WORK REQUEST
The data below should be copied out exactly, with its pictures omitted.

DATA

↓

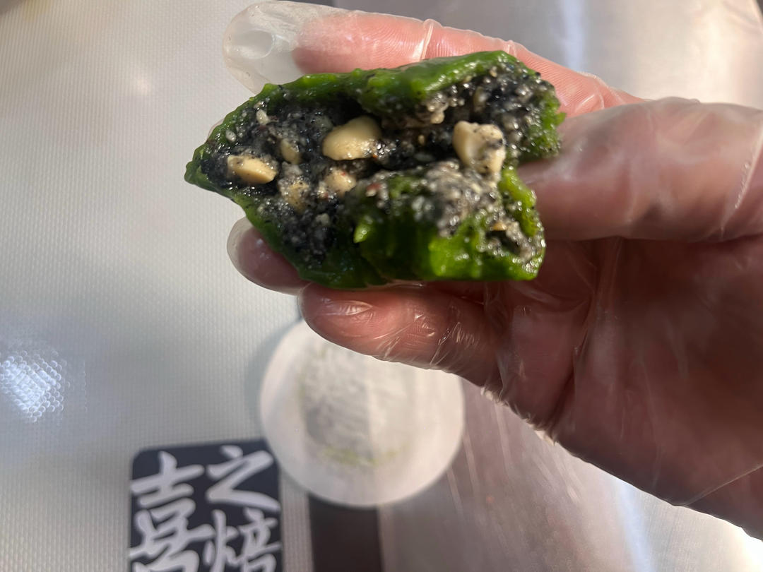 好吃的,用了四倍的量但是糖只用了200就够了,皮馅比例2:1比较适合我,花生和芝麻可以打得和楼主的一样碎,碎一点更好吃,皮也是用澄粉那个配方。42g皮 22g馅料 滚水蒸7分钟
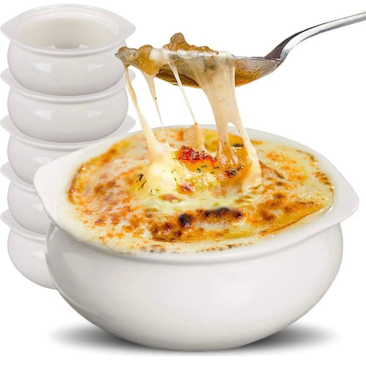 BBINGWARE Set of 4 French Onion Soup Crocks 12 oz White Ceramic Porcelain Bowls
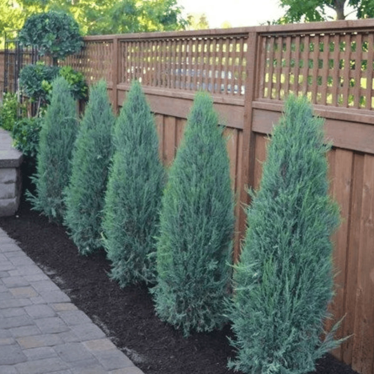 – wąskie jałowce (np. Skyrocket, Blue Arrow) sadzimy co 50-60 cm

↑

OUTPUT BELOW
 好吃的,用了四倍的量但是糖只用了200就够了,皮馅比例2:1比较适合我,花生和芝麻可以打得和楼主的一样碎,碎一点更好吃,皮也是用澄粉那个配方。42g皮 22g馅料 滚水蒸7分钟
 BBINGWARE Set of 4 French Onion Soup Crocks 12 oz White Ceramic Porcelain Bowls
 – wąskie jałowce (np. Skyrocket, Blue Arrow) sadzimy co 50-60 cm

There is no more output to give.